Cresciuto a Matera, Francesco vive la sua adolescenza tra studio, pianoforte e scout, poi – dopo il liceo – si apre al mondo. Si laurea in Scienze Internazionali e Diplomatiche a Gorizia, si specializza in diritto internazionale pubblico all’Aja e in Sistemi Politici e Sociali dell’Africa Contemporanea all’Orientale di Napoli. Diventa funzionario delle Nazioni Unite ed è in giro per il mondo dal 2002 ma ha tempo anche di essere co-fondatore del laboratorio politico Rena. Oggi opera in Siria, a Damasco, dove oltre che per le abilità diplomatiche spicca per umanità e capacità di rispondere ai bisogni delle persone.
Francesco, se dovessi descrivere in poche parole la Basilicata, quali useresti?
Bella, paesaggistica, cocciuta per la sua gente e da scoprire.
Oltre che cocciuto, il lucano com’è?
Con una mia cugina di Ferrandina, essendo io per metà materano e per metà ferrandinese, chiamiamo la Basilicata “terra brigante”, giochiamo sempre su questo termine. Tutti conosciamo la storia del Brigantaggio, che è stata anche romanticizzata, ma secondo me rappresenta bene questo mix di determinazione e testardaggine che ci rende non sempre malleabili al dialogo.
E Matera? Come la racconti?
Il mio racconto di Matera, a chi oggi ne è incuriosito perché l’ha conosciuta negli ultimi anni, comincia sottolineando che non è assolutamente la città in cui siamo cresciuti. I Sassi, dopo il terremoto dell’80 erano pericolanti, una zona off-limits, se ci andavamo dovevamo nasconderlo ai nostri genitori, perché si spacciava, erano poco illuminati. Questo, per me, è il percorso da cui la città è partita e quindi provo ancora maggiore orgoglio nell’averla vista cambiare a partire dagli anni ’90, con il riconoscimento di patrimonio Unesco ma anche per la determinazione di tanti materani, di nascita o di adozione, che hanno lavorato per accompagnare la città verso ciò che è diventata oggi.
Oltre a Matera, hai altri luoghi lucani che ti stanno particolarmente a cuore?
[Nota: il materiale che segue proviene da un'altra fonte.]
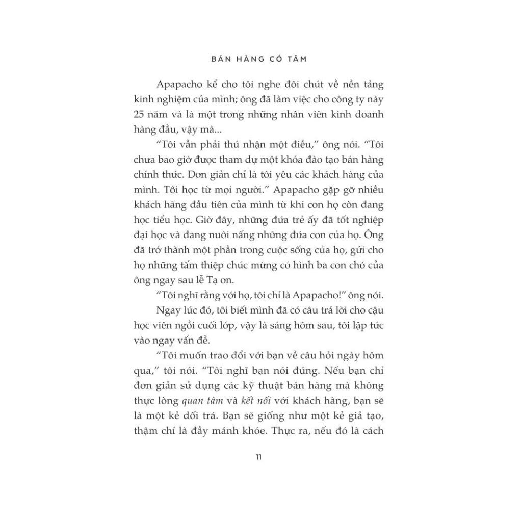 Cuốn sách này sẽ thay đổi suy nghĩ của bạn về cách thức bán hàng từ trước tới nay, đưa bạn đến một ý nghĩa mới của việc bán hàng, được tác giả gọi là bán hàng có tâm.

Ho dei nonni di Ferrandina, basterebbe questo, ma ci aggiungo anche tutto il versante delle montagne lucane che, tra infanzia e adolescenza, ho esplorato da scout. Il monte Raparo, il monte Caramola, il Pollino: queste sono zone di una bellezza mozzafiato in tutte le stagioni, che mi ricordano anche la gioia e l’unicità delle prime esperienze fuori casa, della crescita con amici con cui non solo scoprivamo la natura bensì anche noi stessi.
A cosa non riesci a rinunciare di lucano quando, ovvero sempre, sei fuori per lavoro?
Io sono fuori da Matera dal 1996, è tantissimo tempo, più di metà della mia vita da adulto, e ciò a cui proprio non posso rinunciare sono i sapori, sicuramente per la bontà ma anche perché ci collegano ai ricordi, all’identità, alle coccole. Quindi, sin da quando sono partito per gli studi universitari, ci sono valige in continuo viavai che contengono salumi e scamorze ancora freschi o taralli.
Una buona ragione per venire in Basilicata?
Ce ne sono tante ma la principale risiede nel fatto che questa regione, essendo ancora poco conosciuta, permette ai visitatori di vivere un’esperienza conoscitiva molto personale. Qui ci arrivano visitatori che hanno tempo di conoscere il territorio e, tra l’altro, sono anche pronti a ritornare, proprio per viverne ed apprezzarne la naturalezza.